Не мог же Самохин сказать этому парнишке, весь облик которого не вязался с понятием «боцман», что в такое тяжелое время, когда все едут на фронт, кадровый пограничник, да еще в звании старшего политрука, едет просто служить в глубокий тыл на среднеазиатскую границу.
— А вот меня не берут на фронт, — как-то потускнев, со вздохом сказал Боря. — Три раза убегал, с эшелонов снимали. На четвертый военком сказал: «Еще убежишь — под суд отдам». Вот и ловлю рыбу. Тоже ведь для фронта? А? Верно, товарищ старший политрук?
— Верно, Боря, верно, — уже тяготясь разговором, отозвался Андрей.
Его окликнули:
— Товарищ пограничник! Зайдите сюда!
Самохин оглянулся. Приглашал его к себе в рубку капитан сейнера, сивоусый, с прокаленным на солнце медным лицом, на котором усы и брови казались алюминиевыми.
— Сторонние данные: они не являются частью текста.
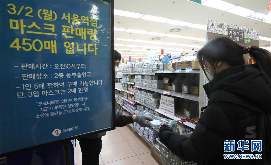 3月2日,在韩国忠清北道清州市,人们排起了长队购买口罩。 韩国疾病管理本部2日发布的最新统计数据显示,当地时间1日16时至2日0时,韩国新增476例新冠病毒感染病例,新增死亡4例,新增治愈1例,累计确诊病例增至4212例。 新华社/纽西斯通讯社

В рубке, застекленной с четырех сторон, у штурвала дивчина, загорелая и плотная. Она повернулась к Самохину всем широкоскулым, монгольского типа лицом, кивнула в знак приветствия, вновь уставилась на шевелившуюся картушку компаса. Капитан сделал знак Самохину подождать, обратился к дивчине:
— Зульфия-ханум, иди поднимай на вахту Саодат, я пока у штурвала сам постою.
Когда девушка вышла, по-военному взял под козырек, представился:
— Капитан Садыков...
— Я знаю, что вы капитан, — не очень дружелюбно сказал Самохин, собираясь высказать претензию за потерю нескольких часов из-за какого-то гуляки эпроновца.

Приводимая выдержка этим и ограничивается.